La voz que falta al repasar la historia del grupo es la de Rolando Carpio, su guitarrista principal, algo mayor que los otros tres integrantes, Erwin, Papi y Pancho. Murió víctima de cáncer en 2005, apenas un año antes del homenaje realizado en Lince. Cuando lo sumaron al grupo, cuenta la leyenda, fue que todo empezó a funcionar. Y también, paradójicamente, fue su voz la primera que volvió a contar la historia del grupo, cuando los chicos del fanzine Sótano Beat lo encontraron en las calles de Lince, a pocas cuadras de donde había empezado todo, en el año 2002. En esa entrevista corrigió todos los mitos que habían empezado a circular alrededor del grupo desde que los punks rescataron su música, porque nunca hubo ningún Saico cerca para repasar la historia. No, ninguno de ellos había muerto ahogado en el lago Titicaca. No, no tomaron ninguna droga para componer sus temas. Y tampoco tenían ninguna clase de postura política. “Lo que sí me dijeron alguna vez fue que nosotros habíamos sido precursores de Abimael Guzmán”, bromeaba entonces Carpio. “Por lo de Demolición y querer tirar la estación del tren”.

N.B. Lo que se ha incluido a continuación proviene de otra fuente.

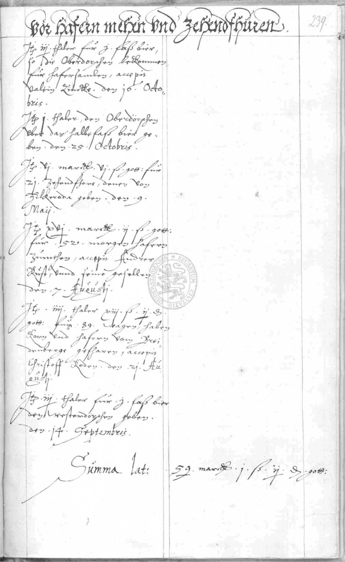 | Rubrum: | vor hafern mehen und zehendfhuren |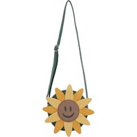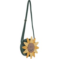 Umhängetasche in Grün mit süßem Motiv einer Sonnenblume auf der Vorderseite. Die Tasche hat einen verstellbaren Schultergurt.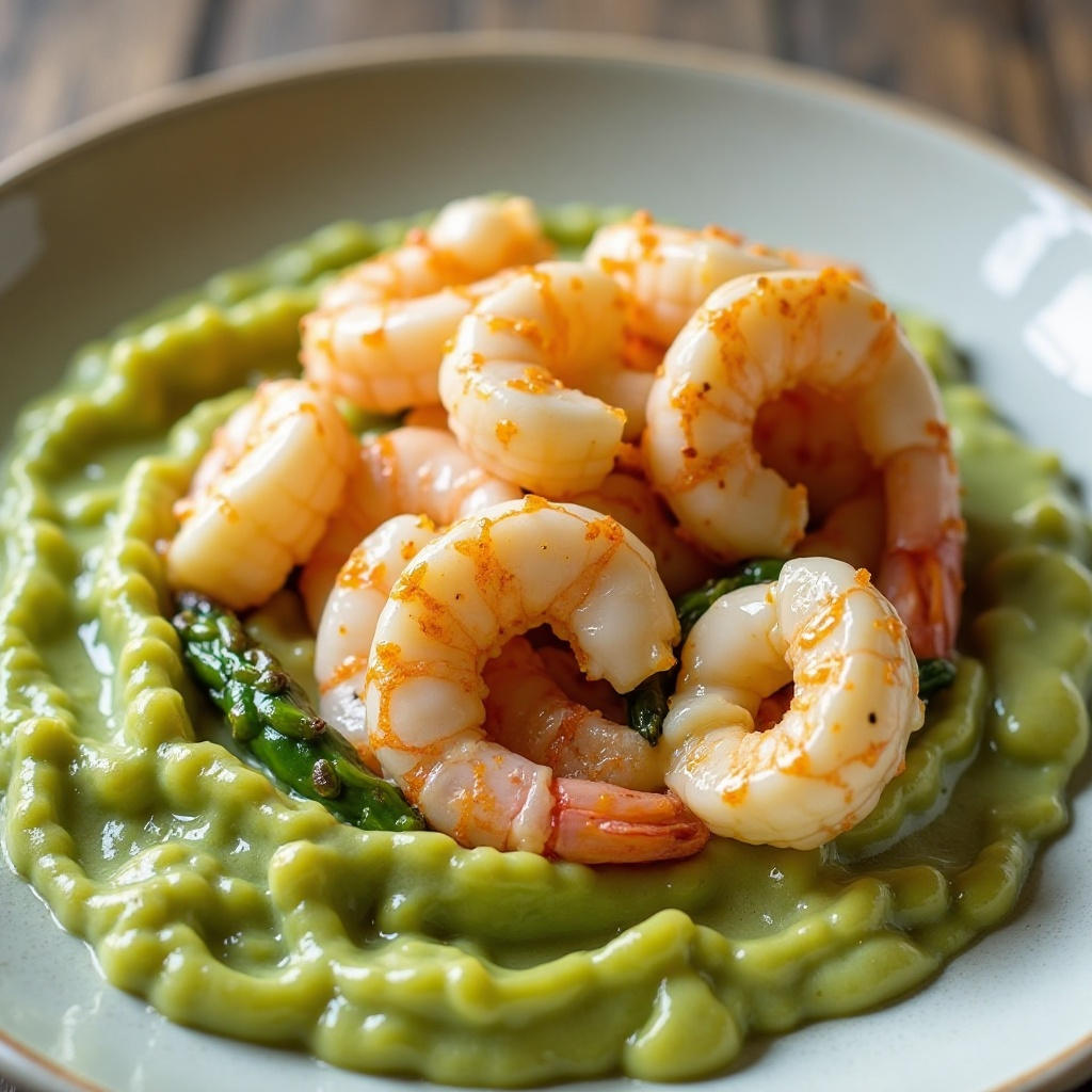 - Sirve el puré de espárragos por plato. Coloca un langostino sobre cada porción. Rocía con un poco de salsa de nata sobre los langostinos y sirve inmediatamente, disfrutando de la frescura del marisco en Tynemouth.
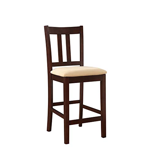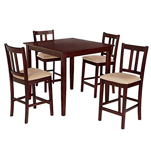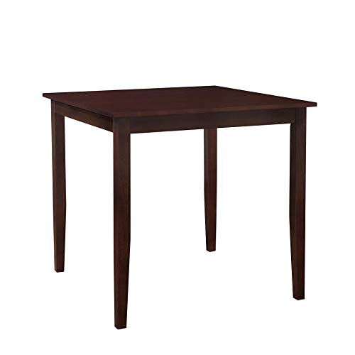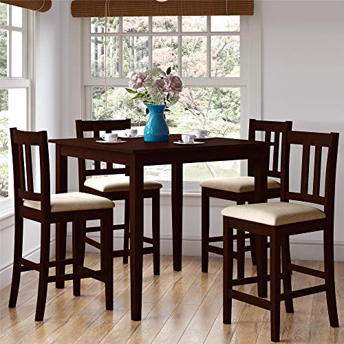 Anchor your kitchen or dining area and share meals with family and friends with the traditional warmth of the Dorel Living Virginia 5 Piece Counter Height Dining Set. With clean lines and a solid, sturdy construction, this dining table and chair set features elegant details like the spacious tabletop’s wood grain finish, two tone solid wood chair design and a warm, inviting espresso finish. The counter height design is perfect for small space living, as the chairs are able to tuck neatly under the table when not in use. Inspired by the simplicity of the American Craftsman style, the four chairs feature a contoured angled back, ideal for ergonomic comfort and upholstered with a lightly padded beige microfiber seat. The Virginia is a versatile dining set, able to be dressed up for a formal meal or casual settings. The Dorel Living Virginia 5 Piece Counter Height Wood Dining Set is an inviting set with simple charm that will easily add character and blend in with your home decor.This small spaces counter height dining set features a sturdy, solid square table with a wood grain finished top, four solid wood post legs and four upholstered chairs with a matching espresso finish

Aquel tema, por más destrucción que invoque su letra, no tuvo nada de contestatario ni alternativo en su momento. Al contrario, fue el mayor éxito del grupo, y todo limeño con la edad apropiada —y de generaciones posteriores también— no sólo conoce su letra, sino que también sabe imitar el particular y violento tarareo inicial del tema. Pero también resulta indudable, al escucharlo hoy en día, que ahí hay algo más profundo, más salvaje, que es imposible encontrar en sus contemporáneos. Lanzado como simple en mayo de 1965, Gutiérrez Mendoza escribe en el texto incluido en la caja bautizada con su título que es un particular resumen de música surf, rock and roll y twist.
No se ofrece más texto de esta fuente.